Start of PROVIDED DATA

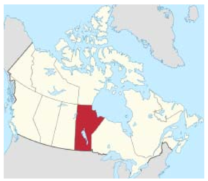
Figure 2: The Location of the Province of Manitoba within Canada.

The survey design and sampling procedures. In this study, an older migrant is defined as an individual who (i) had made a permanent move to the study area within the five-year period immediately prior to the survey, and (ii) was also 55 years of age (i.e., the 'young-old' who fall within the 'retirement transition' age cohort) or older at the time of the survey. An additional eligibility criterion is that the older migrant's place of origin is located outside the census division in which the destination community is located, thus excluding local movers from the survey. The entire sample of seniors includes 34 subjects. These respondents lived at various locations throughout the study area, although 19 were residents of Gimli and seven were residents of Winnipeg Beach.
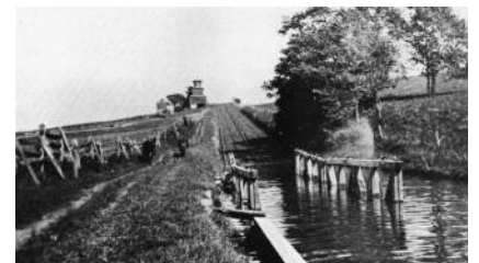
Plane 9 West, the longest and highest plane on the Morris Canal, was 510 feet long to its summit and 1,788 feet long from end to end. It was one of three planes with a double set of tracks.

This small museum is located at the site of the Morris Canal Plane 9 West, the longest of the inclined planes. This site is the former home of the late James S. Lee, Sr., Morris Canal author and historian. Visitors will be able to walk the incline plane, tour the remains of the powerhouse, tailrace, turbine chamber as well as the museum.
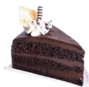
SOFT CHOC FUDGE CAKE ฿165
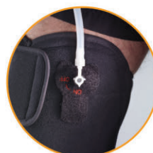
Valve On/off valve allows for easy inflation and deflation
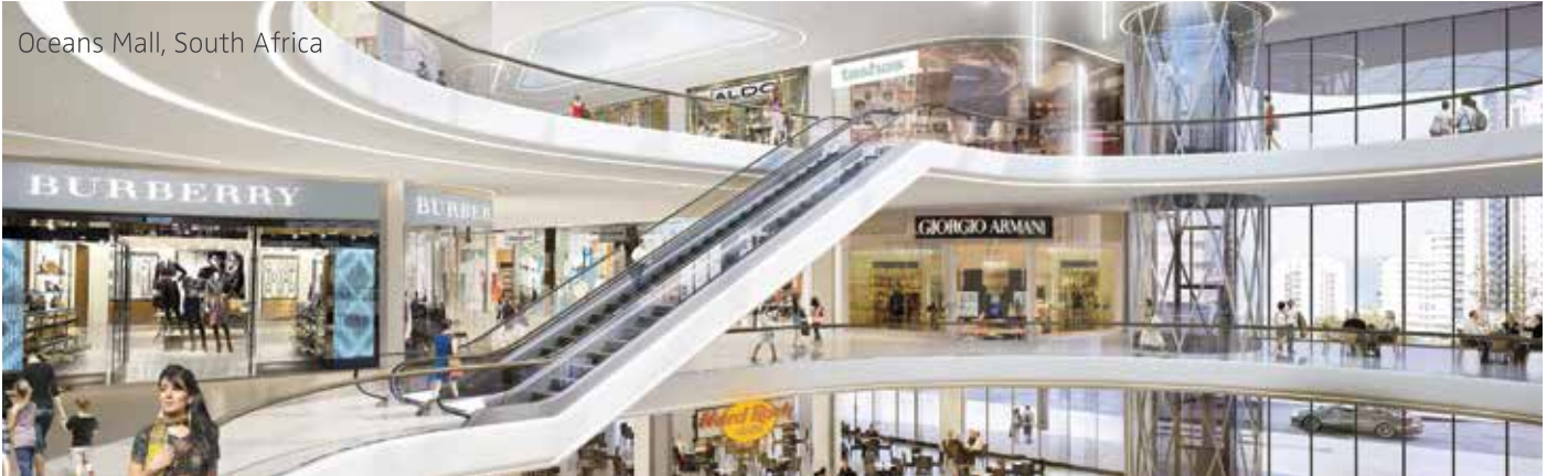
Oceans Mall, South Africa

Project Name: Fourways Mall Location: Gauteng GLA (m²): 85,000 (redevelopment and extension. Total GLA: 170,00m²) Expected Trading Date: April 2018 Anchor Tenants: Relocating and expanding all major national fashion retailers as well as adding new international brands
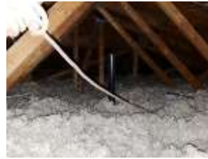
Pic. 7: Open plumbing stack vent pipe in attic
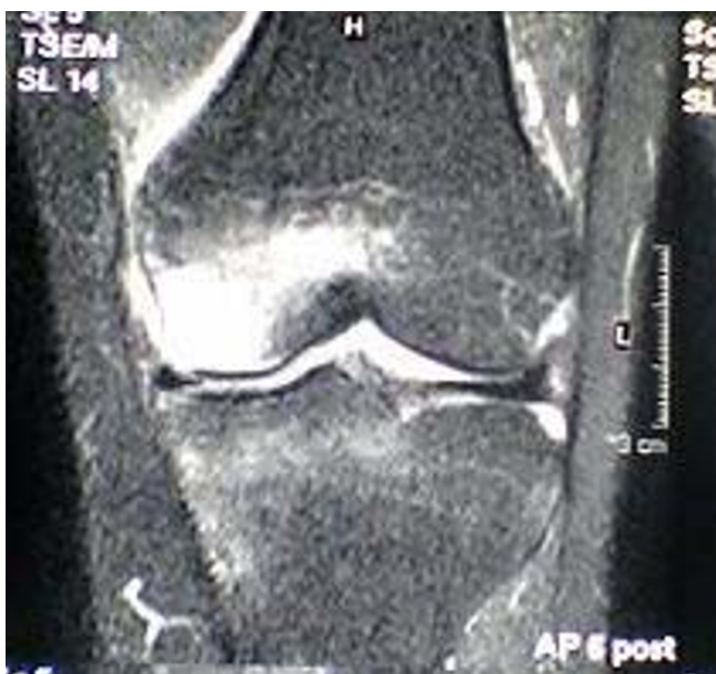
Figure 5 44-year-old woman with a extensive BME in the medial femoral condyle which is not limited to the subchondral area on the T2-weighted MR investigation (STIR).
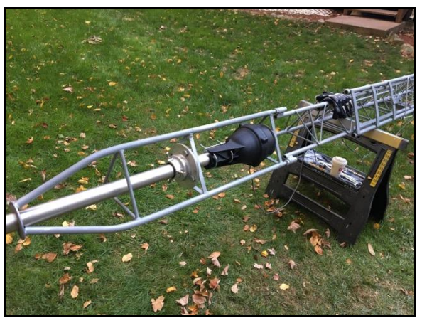
New thrust bearing with rotator and mast installed.

I was originally going to mount a Diamond 2 meter vertical to the tower that I bought at the Southington Ham Fest last year. But in the mean time, I acquired a Kenwood TS-811A 70cm all mode radio off the Internet so I needed to get a suitable 70cm antenna. decided to pick up a Jetstream dual band antenna at the Nutmeg Hamfest last month. I installed the new antenna to the top of the tower mast using a piece of cheap coax I had laying around. And now after 7 years of waiting to have an operational tower, I finally was able to put the tower to use. What a great feelina!
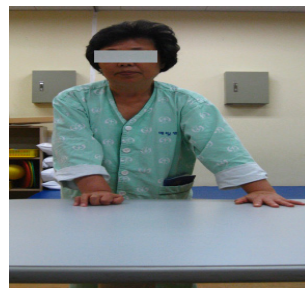
Fig. 4-2. Standing(Rt)
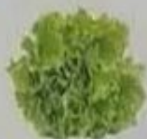
A head of lettuce

End of PROVIDED DATA

▶ [TASK REQUIREMENTS]: Repeat the records above word for word, keeping no pictures in the copy.

▶ [ANSWER AREA]:
Figure 2: The Location of the Province of Manitoba within Canada.

The survey design and sampling procedures. In this study, an older migrant is defined as an individual who (i) had made a permanent move to the study area within the five-year period immediately prior to the survey, and (ii) was also 55 years of age (i.e., the 'young-old' who fall within the 'retirement transition' age cohort) or older at the time of the survey. An additional eligibility criterion is that the older migrant's place of origin is located outside the census division in which the destination community is located, thus excluding local movers from the survey. The entire sample of seniors includes 34 subjects. These respondents lived at various locations throughout the study area, although 19 were residents of Gimli and seven were residents of Winnipeg Beach.
Plane 9 West, the longest and highest plane on the Morris Canal, was 510 feet long to its summit and 1,788 feet long from end to end. It was one of three planes with a double set of tracks.

This small museum is located at the site of the Morris Canal Plane 9 West, the longest of the inclined planes. This site is the former home of the late James S. Lee, Sr., Morris Canal author and historian. Visitors will be able to walk the incline plane, tour the remains of the powerhouse, tailrace, turbine chamber as well as the museum.
SOFT CHOC FUDGE CAKE ฿165
Valve On/off valve allows for easy inflation and deflation
Oceans Mall, South Africa

Project Name: Fourways Mall Location: Gauteng GLA (m²): 85,000 (redevelopment and extension. Total GLA: 170,00m²) Expected Trading Date: April 2018 Anchor Tenants: Relocating and expanding all major national fashion retailers as well as adding new international brands
Pic. 7: Open plumbing stack vent pipe in attic
Figure 5 44-year-old woman with a extensive BME in the medial femoral condyle which is not limited to the subchondral area on the T2-weighted MR investigation (STIR).
New thrust bearing with rotator and mast installed.

I was originally going to mount a Diamond 2 meter vertical to the tower that I bought at the Southington Ham Fest last year. But in the mean time, I acquired a Kenwood TS-811A 70cm all mode radio off the Internet so I needed to get a suitable 70cm antenna. decided to pick up a Jetstream dual band antenna at the Nutmeg Hamfest last month. I installed the new antenna to the top of the tower mast using a piece of cheap coax I had laying around. And now after 7 years of waiting to have an operational tower, I finally was able to put the tower to use. What a great feelina!
Fig. 4-2. Standing(Rt)
A head of lettuce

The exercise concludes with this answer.